The Company manages its daily operations through three primary operating segments: Generation, Energy and Delivery. In addition, the Company reports its corporate and other functions as a segment.
The "Company" is used throughout this report and, depending on the context of its use, may represent any of the following: the legal entity, Virginia Electric and Power Company, one of Virginia Electric and Power Company's consolidated subsidiaries or the entirety of Virginia Electric and Power Company and its consolidated subsidiaries.
Note 2. Significant Accounting Policies
As permitted by the rules and regulations of the Securities and Exchange Commission (SEC), the accompanying unaudited Consolidated Financial Statements contain certain condensed financial information and exclude certain footnote disclosures normally included in annual audited consolidated financial statements prepared in accordance with accounting principles generally accepted in the United States of America (generally accepted accounting principles). These unaudited Consolidated Financial Statements should be read in conjunction with the Consolidated Financial Statements and Notes in the Company's Annual Report on Form 10-K for the year ended December 31, 2003 and Quarterly Report on Form 10-Q for the quarter ended March 31, 2004.
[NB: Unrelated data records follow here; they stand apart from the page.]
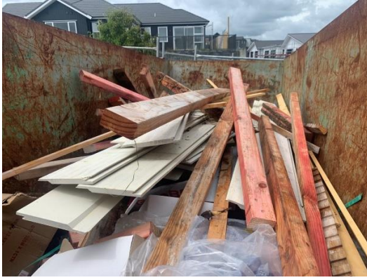
FIGURE 2: SECOND SKIP FILLING UP ON SITE DURING CLADDING STAGE.
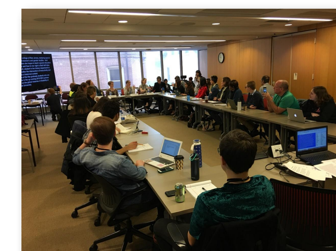
Picture of panel discussion.

Accessible, collegial, supportive, friendly, high-energy, and stimulating!
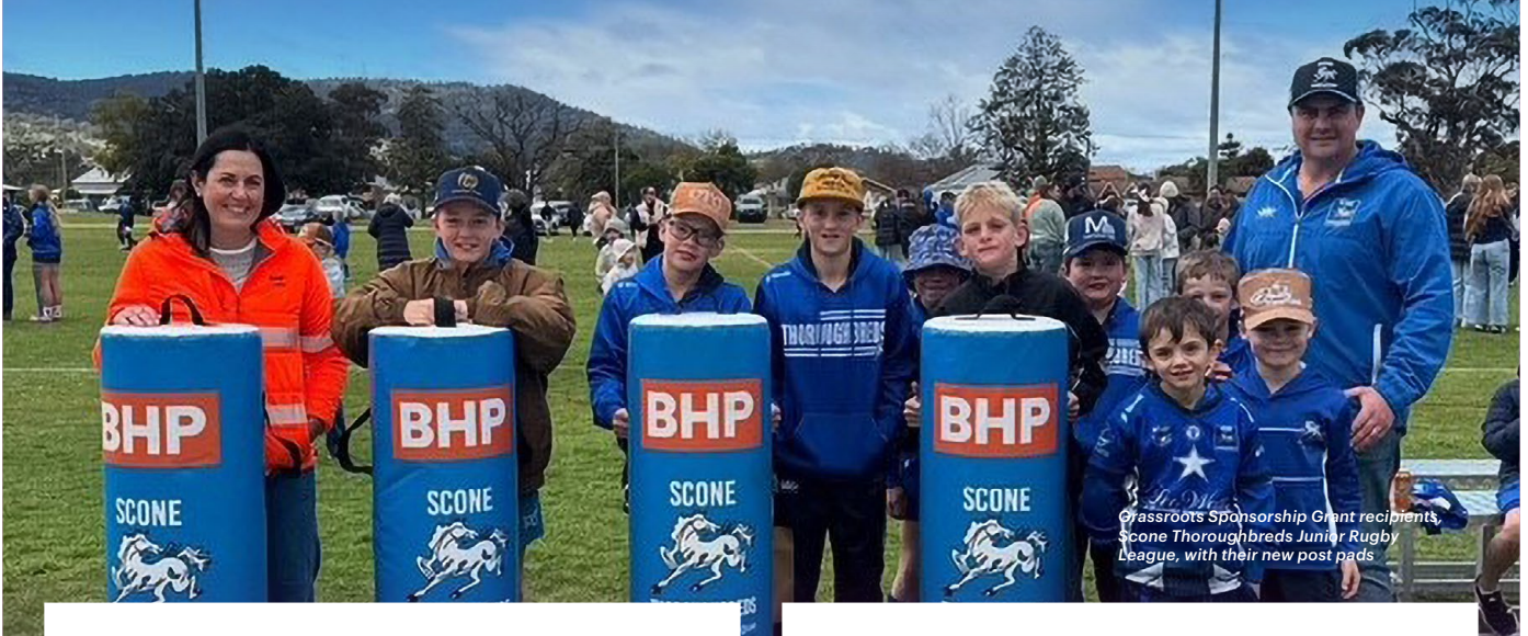
Grassroots Sponsorship Grant recipients, Scone Thoroughbreds Junior Rugby League, with their new post pads

We provide grants to community organisations through two separate programs: our Benefiting My Community program and our Grassroots Sponsorship Grants.

In the opinion of the Company's management, the accompanying unaudited Consolidated Financial Statements contain all adjustments, including normal recurring accruals, necessary to present fairly the Company's financial position as of June 30, 2004, its results of operations for the three and six months ended June 30, 2004 and 2003, and its cash flows for the six months ended June 30, 2004 and 2003.
The Company makes certain estimates and assumptions in preparing its Consolidated Financial Statements in accordance with generally accepted accounting principles. These estimates and assumptions affect the reported amounts of assets and liabilities, the disclosure of contingent assets and liabilities at the date of the financial statements and the reported amounts of revenue and expenses for the periods presented. Actual results may differ from those estimates.
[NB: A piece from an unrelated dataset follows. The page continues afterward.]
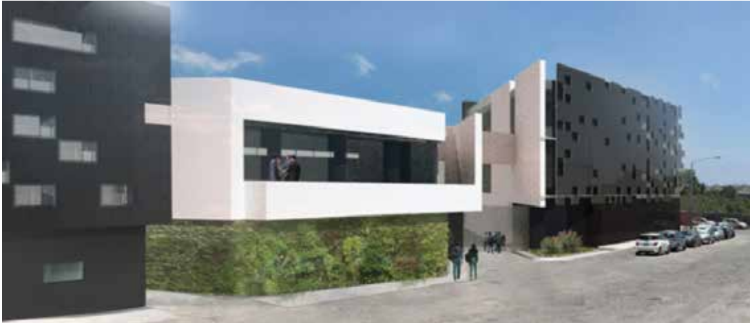
The proposed Żejtun Exchange Development

A development application for demolition of existing buildings that will not be retained in the proposed project was approved by MEPA in July 2015 and will allow for works on site to commence before the end of 2015. Another development application for construction of offices, a data centre and training facilities was submitted in late 2014. A development permit for the proposed project is expected in 2016 and construction to completion will take place during 2016 – 2018. The project is estimated to cost circa €8.5 million and will be financed through bank funding.
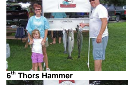
6 th Thors Hammer

The accompanying unaudited Consolidated Financial Statements include, after eliminating intercompany transactions and balances, the accounts of the Company and all majority-owned subsidiaries, and those variable interest entities where the Company is the primary beneficiary.
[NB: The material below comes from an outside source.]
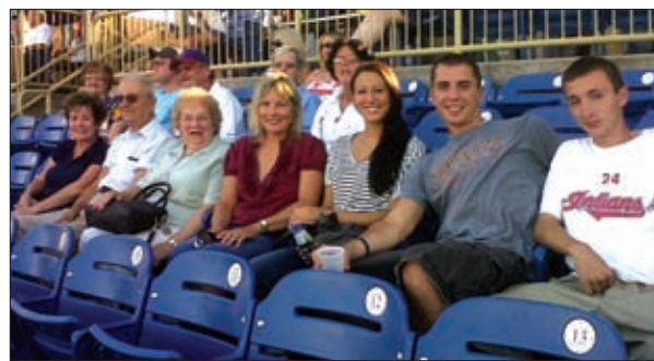
In July, Utopians Lodge 604 members headed to Captains Stadium for Slovenian Heritage Night.

great-granddaughter threw out the first pitch of the game. It was a beautiful, warm evening and very enjoyable.

The Company reports certain contracts and instruments at fair value in accordance with generally accepted accounting principles. Market pricing and indicative price information from external sources are used to measure fair value when available. In the absence of this information, the Company estimates fair value based on near-term and historical price information and statistical methods. For individual contracts, the use of differing assumptions could have a material effect on the contract's estimated fair value. See Note 2 to the Consolidated Financial Statements in the Company's Annual Report on Form 10-K for the year ended December 31, 2003 for more discussion of the Company's estimation techniques.
PAGE 8
VIRGINIA ELECTRIC AND POWER COMPANY
NOTES TO CONSOLIDATED FINANCIAL STATEMENTS
(Continued)
The results of operations for the interim periods are not necessarily indicative of the results expected for the full year. Information for quarterly periods is affected by seasonal variations in sales and other factors.
Certain amounts in the 2003 Consolidated Financial Statements have been reclassified to conform to the 2004 presentation.
Note 3. Recently Adopted Accounting Standards
2004
FIN 46R
The Company adopted Financial Accounting Standards Board (FASB) Interpretation No. 46 (revised December 2003), Consolidation of Variable Interest Entities, (FIN 46R) for its interests in variable interest entities (VIEs) that are not considered special purpose entities on March 31, 2004. FIN 46R addresses the identification and consolidation of VIEs, which are entities that are not controllable through voting interests or in which the VIEs' equity investors do not bear the residual economic risks and rewards. There was no impact on the Company's results of operations or financial position related to this adoption.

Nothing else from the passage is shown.